Evidentemente non è la reclusione in sé a fare miracoli: non basta essere privati della libertà e trascorrere qualche anno in cella per redimersi. A me sembra che l’importante, per tutti coloro che si trovano coinvolti in queste difficili esperienze, ragazzi, famiglie, educatori, agenti di sorveglianza, società civile tutta, è la consapevolezza chiara che non si tratta, non può trattarsi, di punizione né, tanto meno, di vendetta.

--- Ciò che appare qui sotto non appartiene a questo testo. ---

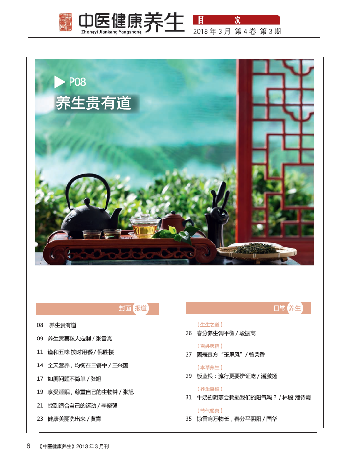 《中医健康养生》杂志是国家中医药管理局主管、中国中医药报社主办、《中医健康养生》杂志社编辑出版的第一权威中医养生杂志,全彩月刊,全国发行。
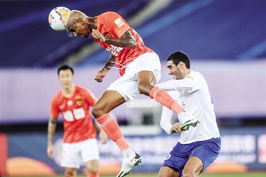 ■恒大队球员塔利斯卡(上)与山东鲁能队球员费莱尼(右)争抢头球。新华社发 |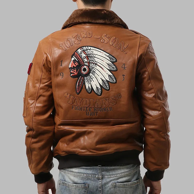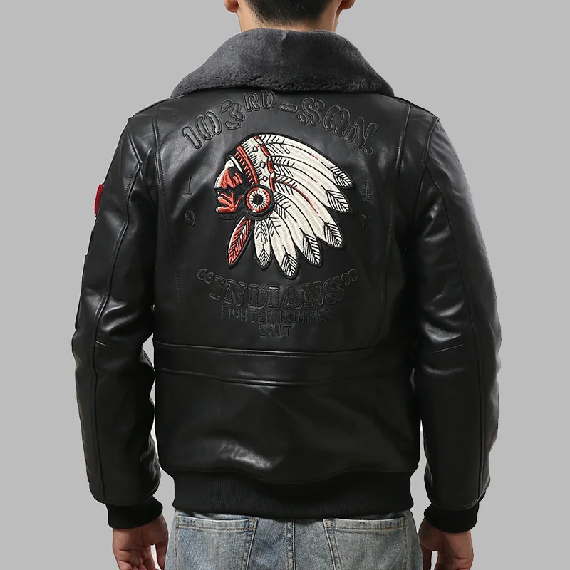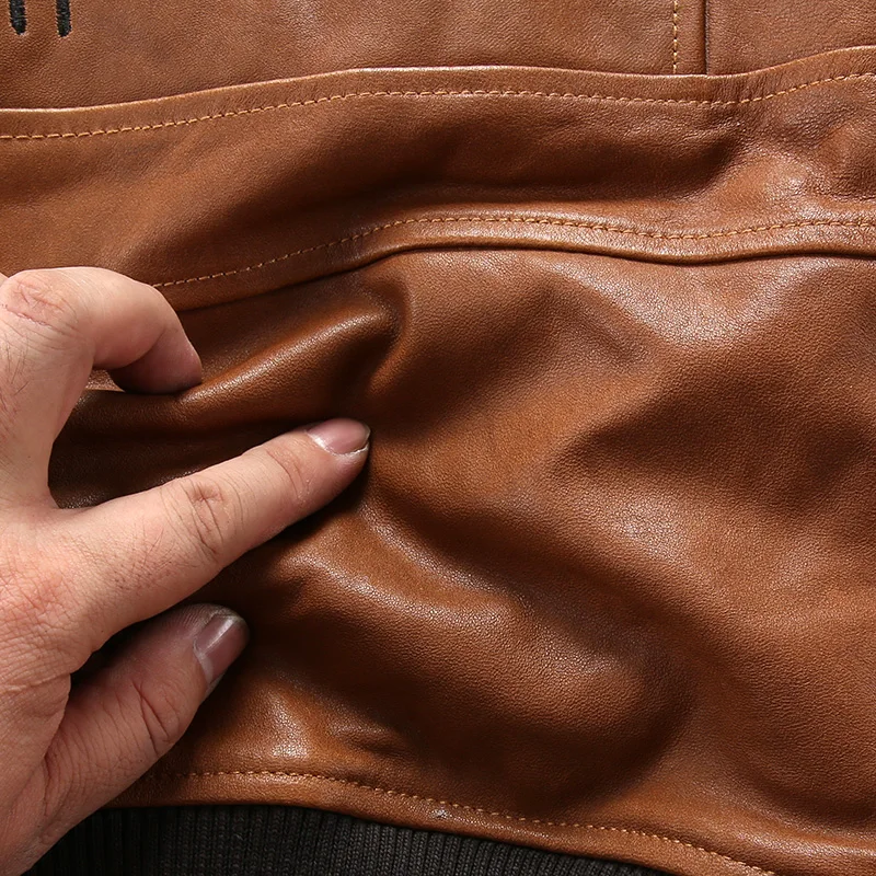 Куртка-бомбер из натуральной овечьей кожи, в стиле милитари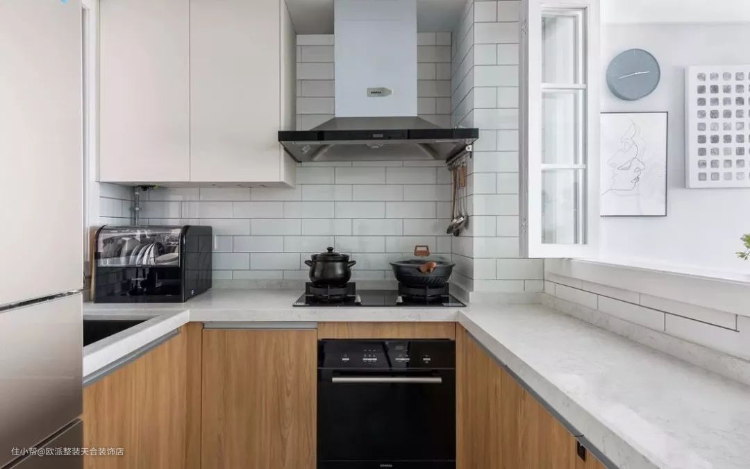 ▲ 厨房整体以白色为基底搭配木色橱柜,并借由内开窗引入光线,使空间更为干净明亮。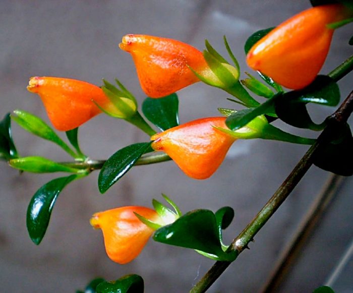 roślina nematanthus jest przedstawicielem rodziny Gesneriaceae. Ten rodzaj łączy 6 gatunków reprezentowanych przez krzewy, krzewy, epifityczne i półpifityczne pnącza. W naturze nematanthus występuje najczęściej w Ameryce Południowej. Nazwa rodzaju pochodzi od dwóch greckich słów: "nema", co przekłada się na" nić "i" anthos " — "kwiat". Faktem jest, że u niektórych gatunków takiej rośliny kwiaty mają długą i cienką szypułkę. Mogą być pomalowane na pomarańczowo, żółto,różowo lub czerwono. Zewnętrznie nematanthus jest bardzo podobny do kolumnii lub zipocirty. Dlatego część gatunków tych roślin została włączona do rodzaju Nematanthus.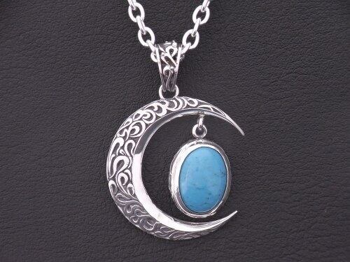 【送料無料】【Grand Galleria グランドガレリア】 月 三日月 クレセント ムーン 唐草模様 アラベスク ネックレス ペンダント ターコイズ 天然石 35~60cm シルバーアクセサリー シルバー925 ハンドメイド 手作り メンズ 彼氏 誕生日 プレゼント ギフト包装

La questione non è farla pagare in qualche modo a colui che ne ha combinata una di grossa. Si va in carcere per essere aiutati a fare i conti con le proprie azioni e le loro conseguenze per sé e per gli altri, per incontrarsi con se stessi, anche con le proprie parti «sbagliate» o «fuori controllo», per misurare la distanza tra il bene e il male, che non sono la stessa cosa, per essere sicuri che cambio io ma qualcosa cambiano anche gli altri attorno a me.
Si va in carcere, o al giorno d’oggi per fortuna anche in tante altre soluzioni alternative al carcere stesso, per ricominciare a volersi bene, e ad accettare, e non è così semplice, che qualcuno ci voglia bene: perché mettere in mostra le proprie fragilità, il proprio bisogno di amore, non è facile per nessuno.

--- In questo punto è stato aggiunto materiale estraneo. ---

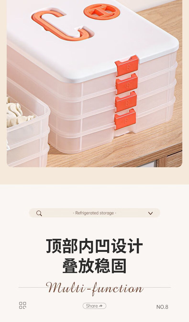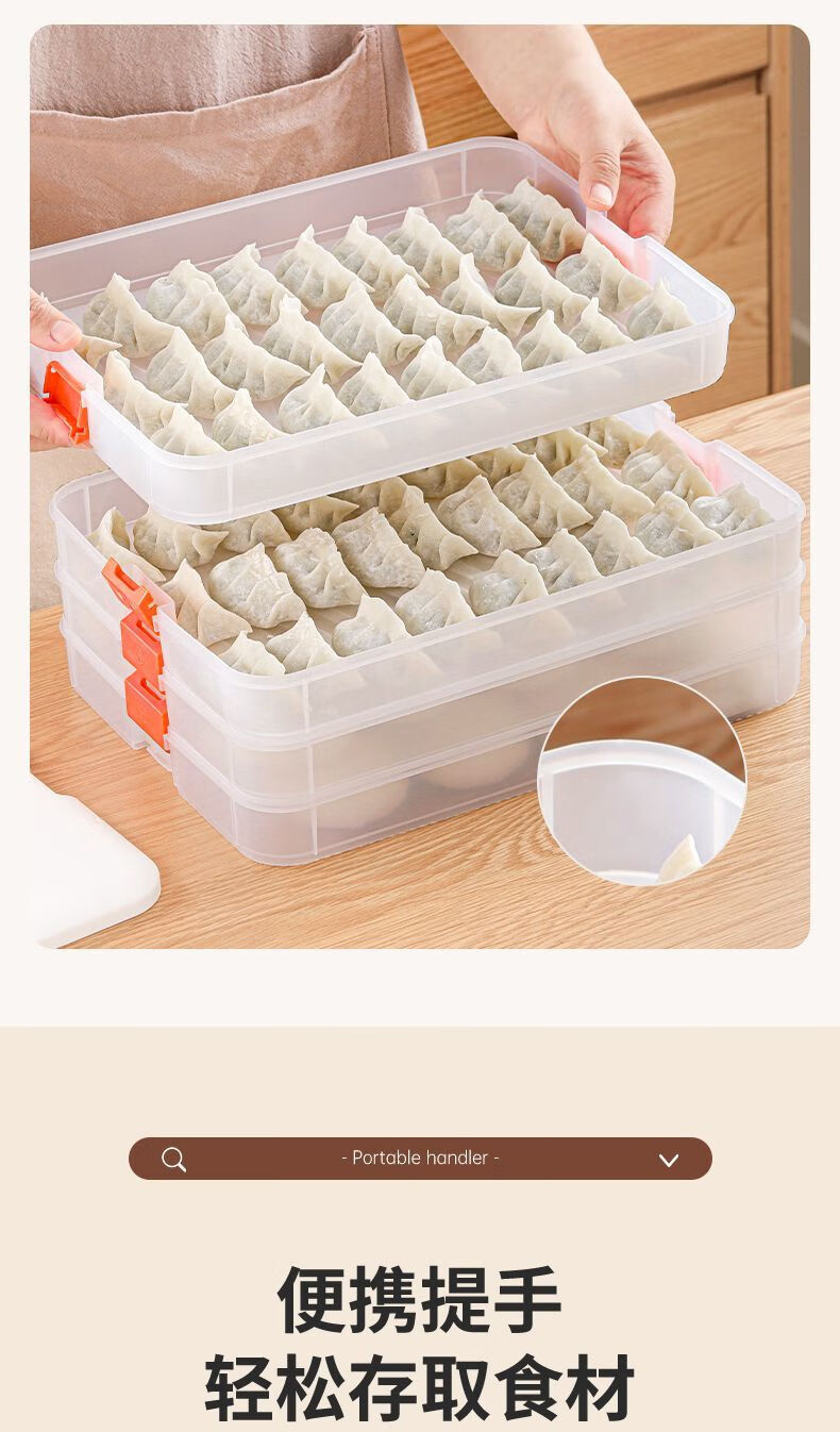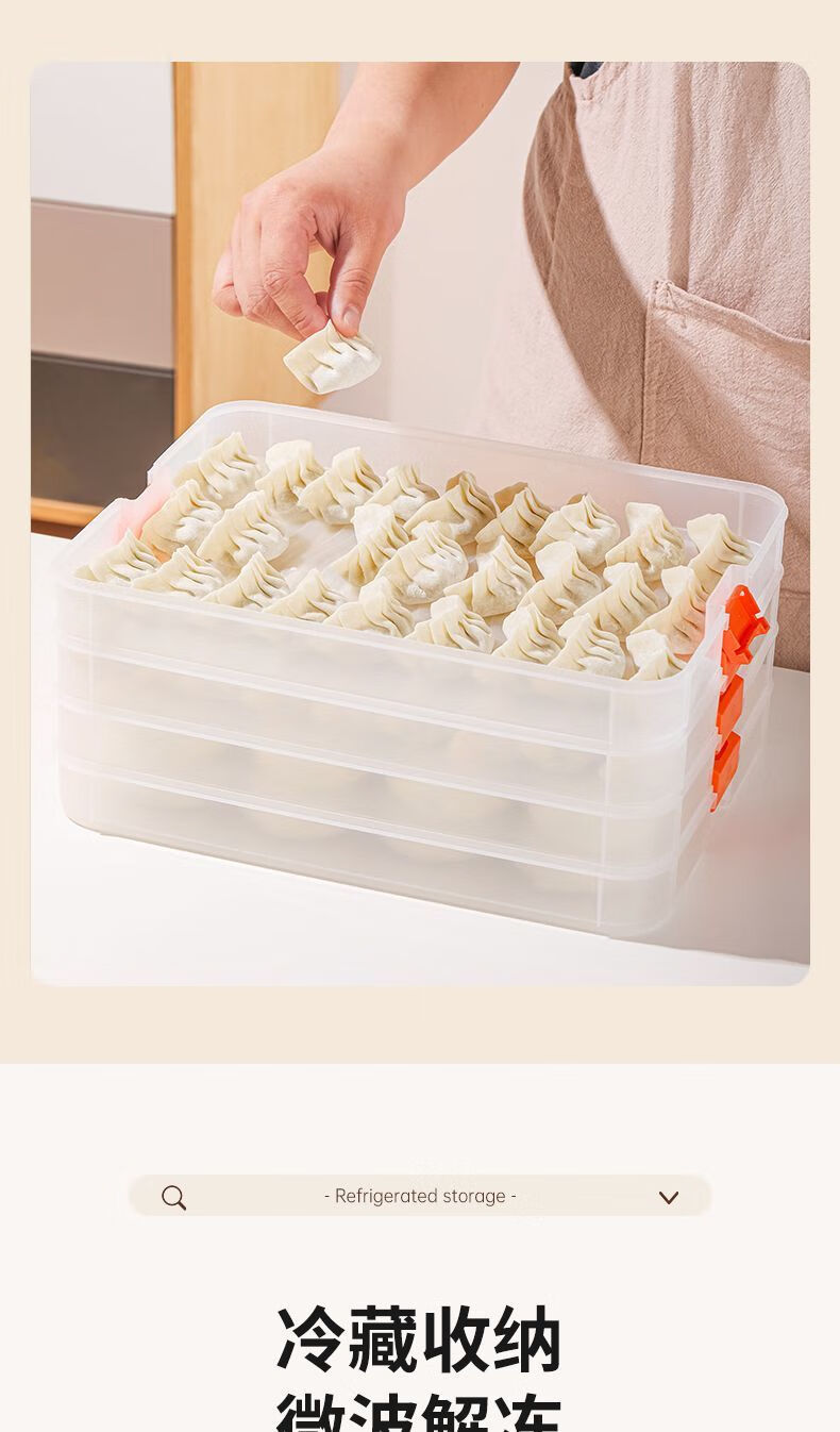 FANCYCHIC Dumpling Box Special Frozen Dumpling Box Refrigerator Storage Box Household Large Capacity Quick Frozen Chaos Frozen Fresh-keeping Box Multi-layer Snow White Material (Thick Sealed Fresh-Sealing) (1 layer zero cover. Holds 32 dumplings

Da questo punto di vista, le risorse che ogni istituto penale minorile può mettere in campo sono tante e diverse: competenza e formazione del personale, messa alla prova, affido a comunità esterne al carcere, mediazione penale che permette l’incontro tra il colpevole di reato e le vittime. Naturalmente resta essenziale, per chi è «dentro», sapere che «fuori» è in testa e nel cuore di qualcuno. Della famiglia, soprattutto se parliamo di ragazzi.

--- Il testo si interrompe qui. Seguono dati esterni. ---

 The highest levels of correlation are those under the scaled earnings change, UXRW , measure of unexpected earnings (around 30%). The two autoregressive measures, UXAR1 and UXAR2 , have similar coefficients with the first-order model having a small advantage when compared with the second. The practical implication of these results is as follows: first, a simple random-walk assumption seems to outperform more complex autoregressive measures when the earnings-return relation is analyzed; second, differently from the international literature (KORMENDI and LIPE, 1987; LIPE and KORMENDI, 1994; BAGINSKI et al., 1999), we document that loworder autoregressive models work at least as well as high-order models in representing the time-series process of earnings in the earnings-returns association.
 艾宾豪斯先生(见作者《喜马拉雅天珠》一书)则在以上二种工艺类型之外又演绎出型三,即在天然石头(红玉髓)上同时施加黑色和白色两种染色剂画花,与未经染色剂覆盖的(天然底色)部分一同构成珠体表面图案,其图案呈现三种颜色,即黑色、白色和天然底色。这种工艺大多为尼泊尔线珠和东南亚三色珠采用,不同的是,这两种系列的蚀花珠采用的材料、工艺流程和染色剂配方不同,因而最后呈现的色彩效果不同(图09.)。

Mi rimane però un dubbio… In un’altra vita, tanti anni fa, ho vissuto assieme a ragazzi simili al nipote della nostra lettrice. E mi ha sempre colpito il bisogno di alzare il tiro delle loro trasgressioni fino a trovare, finalmente!, un adulto e un contesto umano autorevole e affettivo, capace di dir loro senza mezzi termini: stop!
Abbiamo ritenuto che i metodi educativi di una volta fossero senz’altro troppo autoritari e coercitivi, d’accordo. Ma se li abbiamo sostituiti con il nostro semplice «assenteismo», non ci abbiamo guadagnato un granché. Non esistono ragazzi cattivi: fanno il loro mestiere, talvolta esagerando. Ma gli adulti, fanno il loro? Sant’Antonio, che spesso visitava i carcerati, protegga tuo nipote, cara «nonna preoccupata»!